Assigned task: Begin your copy at the line with "赤道几内亚共和国国徽的主要图" in the records below and end it at the line with "Tikamgarh (25 km)", restating each line word for word; omit the pictures.

Data records:
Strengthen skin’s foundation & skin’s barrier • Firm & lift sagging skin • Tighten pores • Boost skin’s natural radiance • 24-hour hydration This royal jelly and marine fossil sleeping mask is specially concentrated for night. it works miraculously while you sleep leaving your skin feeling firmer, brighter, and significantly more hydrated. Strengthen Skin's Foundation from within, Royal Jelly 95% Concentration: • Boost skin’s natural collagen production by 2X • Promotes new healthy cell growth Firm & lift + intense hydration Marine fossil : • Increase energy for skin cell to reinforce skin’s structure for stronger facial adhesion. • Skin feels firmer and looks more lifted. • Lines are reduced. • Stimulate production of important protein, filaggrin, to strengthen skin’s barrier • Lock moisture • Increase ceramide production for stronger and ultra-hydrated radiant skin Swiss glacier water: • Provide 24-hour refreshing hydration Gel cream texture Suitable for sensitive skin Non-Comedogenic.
==
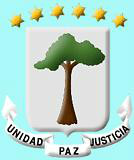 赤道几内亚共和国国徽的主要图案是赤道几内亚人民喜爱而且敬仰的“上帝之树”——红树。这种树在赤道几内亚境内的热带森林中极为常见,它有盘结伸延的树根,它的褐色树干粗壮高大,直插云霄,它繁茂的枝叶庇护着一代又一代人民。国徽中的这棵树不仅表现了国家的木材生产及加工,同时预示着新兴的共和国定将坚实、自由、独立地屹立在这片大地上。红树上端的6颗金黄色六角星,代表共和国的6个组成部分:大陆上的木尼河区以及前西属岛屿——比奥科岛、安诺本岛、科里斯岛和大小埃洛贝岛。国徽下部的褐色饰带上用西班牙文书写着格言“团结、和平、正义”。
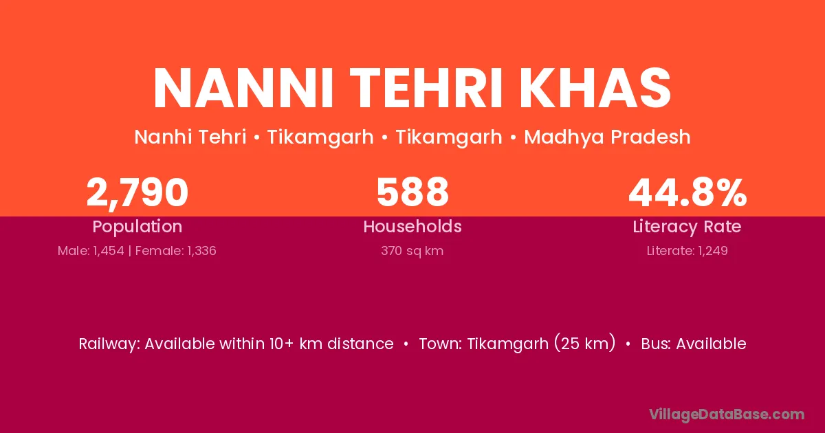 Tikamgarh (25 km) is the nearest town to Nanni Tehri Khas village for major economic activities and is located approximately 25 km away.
--
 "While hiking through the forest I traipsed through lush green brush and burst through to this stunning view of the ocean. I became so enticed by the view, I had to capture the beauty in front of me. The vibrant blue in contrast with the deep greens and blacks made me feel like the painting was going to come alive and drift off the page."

Task response:
 赤道几内亚共和国国徽的主要图案是赤道几内亚人民喜爱而且敬仰的“上帝之树”——红树。这种树在赤道几内亚境内的热带森林中极为常见,它有盘结伸延的树根,它的褐色树干粗壮高大,直插云霄,它繁茂的枝叶庇护着一代又一代人民。国徽中的这棵树不仅表现了国家的木材生产及加工,同时预示着新兴的共和国定将坚实、自由、独立地屹立在这片大地上。红树上端的6颗金黄色六角星,代表共和国的6个组成部分:大陆上的木尼河区以及前西属岛屿——比奥科岛、安诺本岛、科里斯岛和大小埃洛贝岛。国徽下部的褐色饰带上用西班牙文书写着格言“团结、和平、正义”。
 Tikamgarh (25 km) is the nearest town to Nanni Tehri Khas village for major economic activities and is located approximately 25 km away.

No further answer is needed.